Our new bed feels especially luxurious given that for our first few days in New York we slept on a mustard-coloured sleeping Lilo that I had acquired at The Leading Edge in Whiteleys Mall on Queensway and shipped over with us on the QE2. The sleeping Lilo, according to The Leading Edge, which specializes in the latest gadgetry, was a breakthrough in somniac science, easy to store and transport, but with its own system of internal baffles, providing all the comfort of a real bed. Best of all, by simply altering the amount you inflated it, it could simulate a soft, fluffy mattress or deliver firmer support. In reality we found that every time one of us shifted weight the other was bobbed
up on a swell of air pressure – it was like trying to share a trampoline.
The Leading Edge Lilo came complete with a foot pump and hose attachment. But it also came with a slow and unlocatable leak. Before we retired for the night, I would tread-pump the Lilo to full pressure. It would then slowly deflate until about two hours later, Joanna, a lighter sleeper than me, would awaken to the ungiving pressure of the parquet floor. She would elbow me and I would get up, attach the foot pump and groggily tread it for ten minutes until the Lilo had reinflated. I would repeat this performance every two hours, getting up to feed air to our bed.
This is what I now imagine having a small baby will be like.
The pleasure of our California King Sized Serta Perfect Sleeper is only ruined by the fact that every time I flop down upon its vast quilted acreage I am reminded that we paid too much for it at Bloomingdale’s. I am taunted by the saturation advertising on TV by ‘1-800-Sleepys’, and its rival, ‘1-800-Mattress, Leave Off the Final “S” for Savings’ in their apparently cut-throat war to be purveyors of the best mattress deals to New York’s fitful sleepers.
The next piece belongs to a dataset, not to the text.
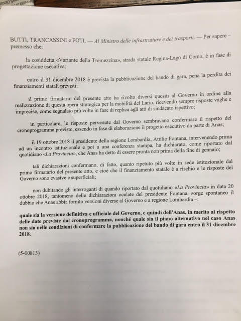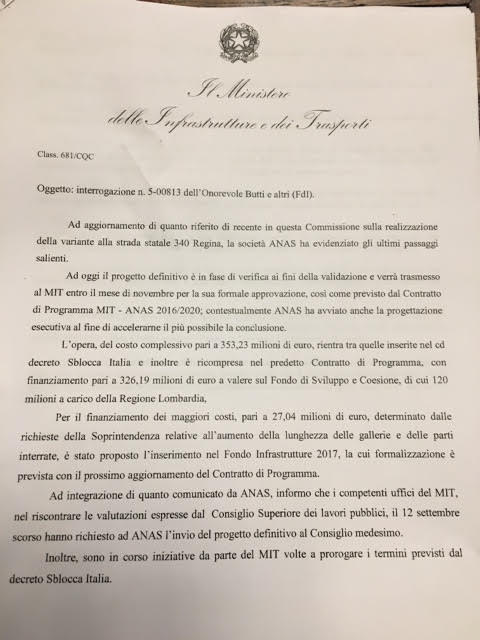 Con questa frase chiara e fumosa al tempo stesso, il ministro Danilo Toninelli ha risposto all’interrogazione del deputato comasco di Fratelli d’Italia, Alessio Butti, sul futuro della Variante delle Tremezzina. Opera su cui, come noto, pende una ghigliottina non di poco conto: ovvero il 31 dicembre prossimo, termine ultimo (almeno a oggi) perché sia pronto il progetto esecutivo. Altrimenti, il rischio concreto che i fondi stanziati proprio dallo Sblocca Italia (210 milioni sui 353,23 complessivi) si volatilizzino nel nulla. Decretando, ovviamente, la “morte anticipata” dell’infrastruttura.

Always an ex-post-facto comparison shopper, I have tortured myself by phoning both 1-800-Sleepys and 1-800-Mattress, to discover that the California King Sized Serta Perfect Sleeper, the exact same California King Sized Serta Perfect Sleeper, can be purchased from either of them over the phone, for $500 less than we paid at Bloomingdale’s. And of course, both hyperdrive salesmen assure me, ‘We deliver free! Guaranteed within two hours! Anywhere in the five boroughs!’
Monday, 22 June
Joanna
I am on my way to see my new accountant, a solemn-sounding man called Bob Green. When I phoned to make an appointment he informed me he worked from home, so I set off for his apartment on the thirty-eighth floor of a modern tower block overlooking the East River. When I arrive he answers the door, an unsmiling, middle-aged, black-haired man with his left shoulder wedging a phone to his neck.
His office is framed by huge, grey-tinted windows offering spectacular panoramic views stretching down past the solid towers of Brooklyn Bridge to the graceful columns of the World Trade Center. Directly below I can see a red helicopter taking off from the 34th Street heliport. It rises to the height of our window before swooping off across the East River towards La Guardia airport.